3. **Test set** (50 %): future monitoring data, never seen by the model.

The monitoring stream fed to :class:`~mapie.exchangeability_testing.OnlineMartingaleTest`
is the concatenation of the conformalization and test partitions.
This design reflects the practical recommendation:
*run exchangeability diagnostics only on data that was not used during training.*

**Three monitoring scenarios.**
To illustrate the range of situations encountered in practice, we compare three
versions of the test set:

1. **Exchangeable**: same distribution as training — the reference case.
2. **Subtle shift**: a mild location shift introduced in the second half of the
    test set — the kind of gradual change that is hard to notice visually.
3. **Abrupt shift**: a larger location shift in the second half — a clear break
    that any reliable detector should catch quickly.

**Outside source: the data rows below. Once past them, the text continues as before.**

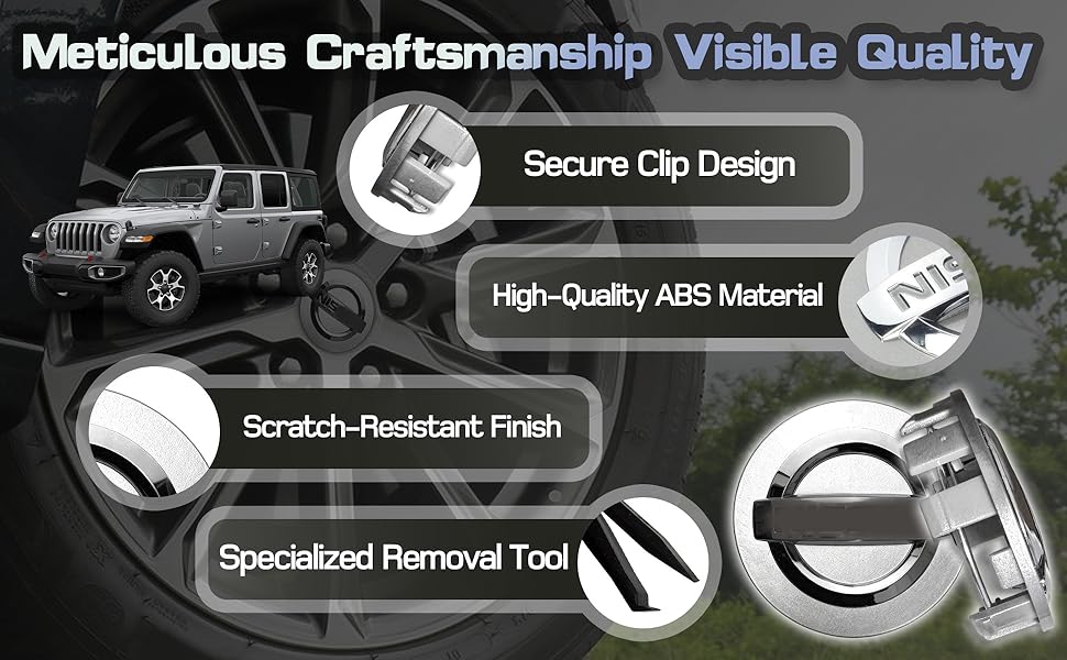 مادة ABS ممتازة للاستخدام طويل الأمد: مصنوعة من راتنج ABS عالي القوة - مقاوم للماء والغبار والصدأ، مع الحد الأدنى من خطر التشوه. تحافظ اللمسة النهائية الناعمة المقاومة للخدش على مظهر جديد تمامًا بمرور الوقت، وتتوافق بسلاسة مع جماليات عجلة OEM الخاصة بك.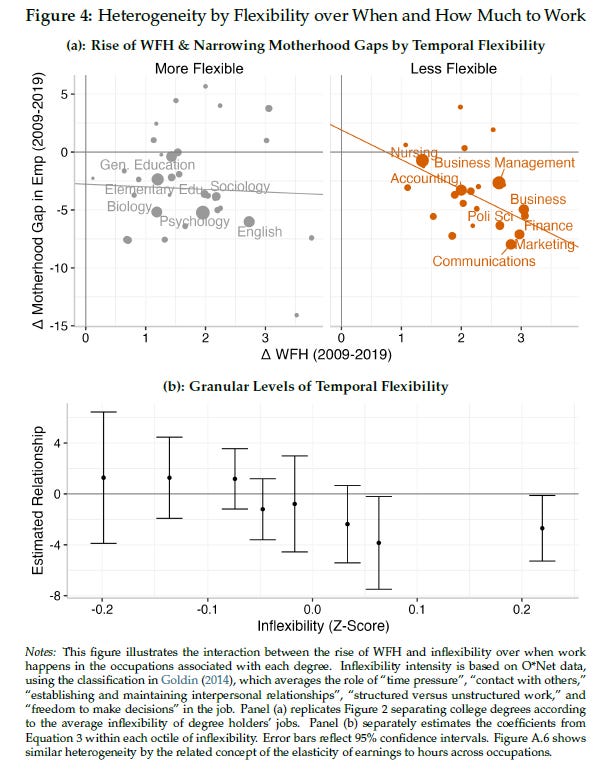 And, having seen this paper, all of the clawing back of locational flexibilities that were introduced during the height of the pandemic looks anti-women, anti-mother, and anti-family. You want bigger families/more babies? You have to solve the work-family conflict and locational flexibilities is a useful tool that is being discarded by the biggest employers, including the federal government. It could also increase the proportion of women that go into high-paying, male-dominated fields, which they get warned away from when they seek out advice, due to work-family conflicts. Women might also have the time and space to participate in parts of the economy that they have had trouble entering, like entrepreneurship, if they have the flexibility that work from home provides.
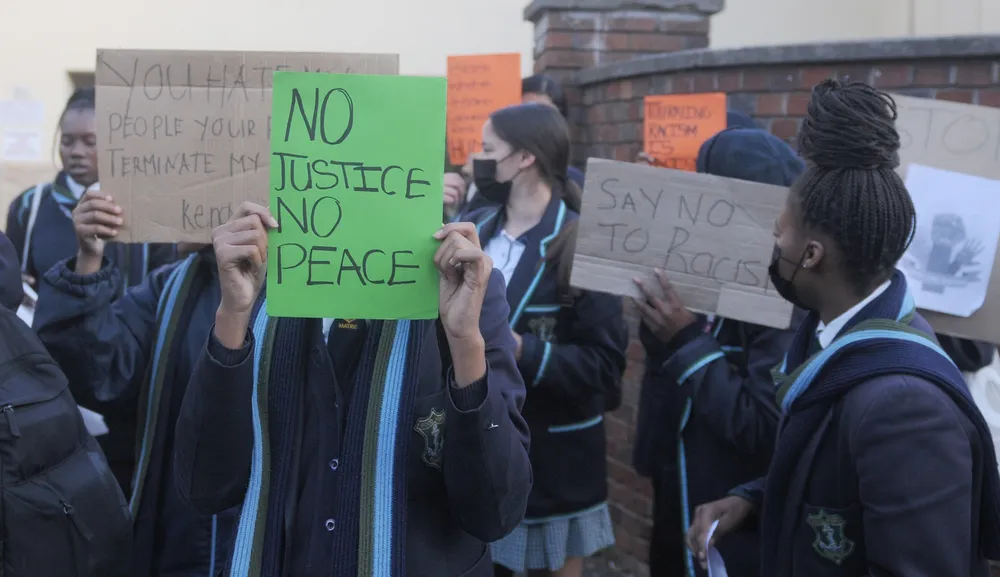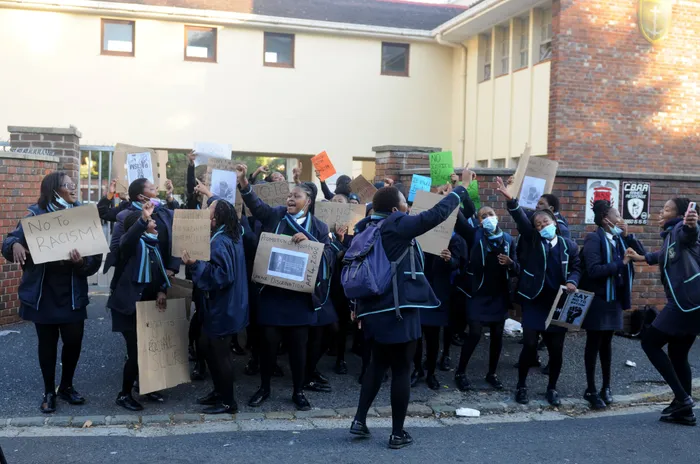 The pupils demonstrated outside with placards, discouraging discrimination against black students and chanting in IsiXhosa: “Racism towards black learners at this school must end.”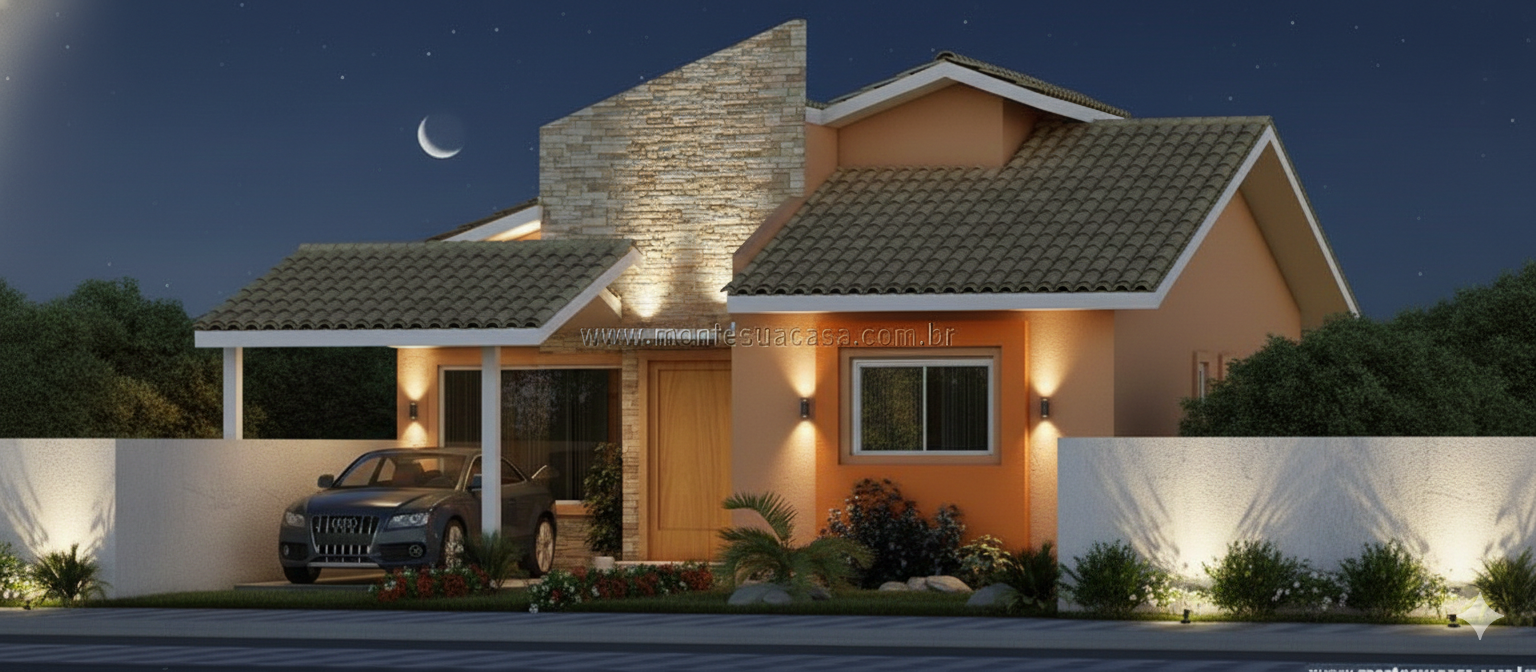 Este projeto de casa térrea com 83m² foi desenvolvido para quem busca conforto, praticidade e um visual contemporâneo. O modelo 2Q-83.02 destaca-se pela fachada charmosa com revestimento em pedra natural e telhado de múltiplas águas, valorizando o design e proporcionando excelente ventilação interna.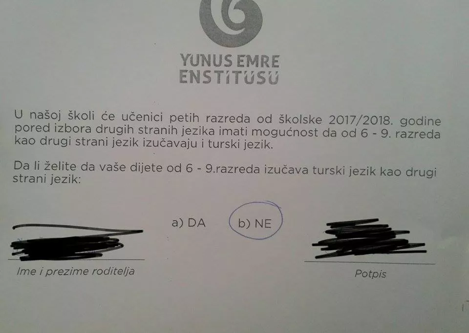 Naime, posljednjih dana djeca donose kući anketni listić koji su dobili na prezentaciji koje u školama obavljaju iz Junuz Emre instituta, i to opet bez znanja roditelja, te im se nudi da izučavaju turski jezik, kao drugi strani.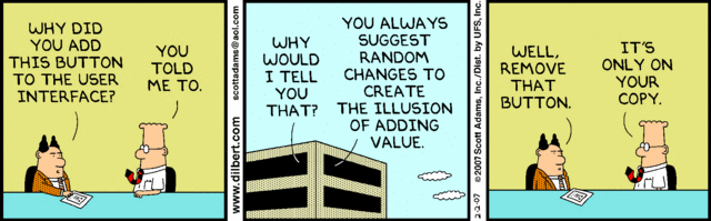 Dilbert shows How “Wireframes” may help when starting a new Project! LOL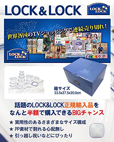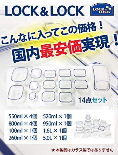 ★使わない時もきれいに収納できるセット! ★技術の新革命!4面ロック方式の密閉保存容器★ ロック&ロックは、密閉容器市場を一変させた画期的な密閉容器です。フタを4面でロックすることにより完全な密閉を目指しました。 ★電子レンジOK (あたため、解凍) ★冷凍OK ★食器洗い機OK ★[セット内容] 550ml×4個、800ml×4個、100ml×1個、260ml×1個、520ml×1個、950ml×1個、1.6L×1個、5.0L×1個 ★ 耐熱温度110℃ ★耐冷温度-20℃★本製品はガラス製ではありません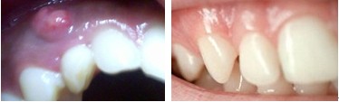 (3)根尖囊肿:多无自觉症状,牙齿变色,牙片可显示根尖部的囊肿,若囊肿增大,迫使周围骨质吸收,在患牙根尖部黏膜多呈半圆形隆起,有乒乓球感。

**Two martingale strategies.**
For each scenario we run both available methods:

- ``"jumper_martingale"``: bets against an excess of small p-values.
  It is robust and requires no density estimation, but reacts mainly to
  one-sided departures from uniformity.
- ``"plugin_martingale"``: estimates the p-value density at each step and can
  react to a wider class of non-uniform distributions, at the cost of a
  warm-up period.

References
----------
 - [1] Angelopoulos, Barber, Bates (2026).
     "Theoretical Foundations of Conformal Prediction".
     arXiv preprint arXiv:2411.11824.
 - [2] Vovk, Gammerman, Shafer (2005).
     "Algorithmic Learning in a Random World".
     Boston, MA: Springer US. Section 7.1, page 169.
 - [3] Fedorova, Gammerman, Nouretdinov, Vovk (2012).
     "Plug-in Martingales for Testing Exchangeability on-line".
     In Proceedings of the 29th ICML. Algorithm 1, page 3.
"""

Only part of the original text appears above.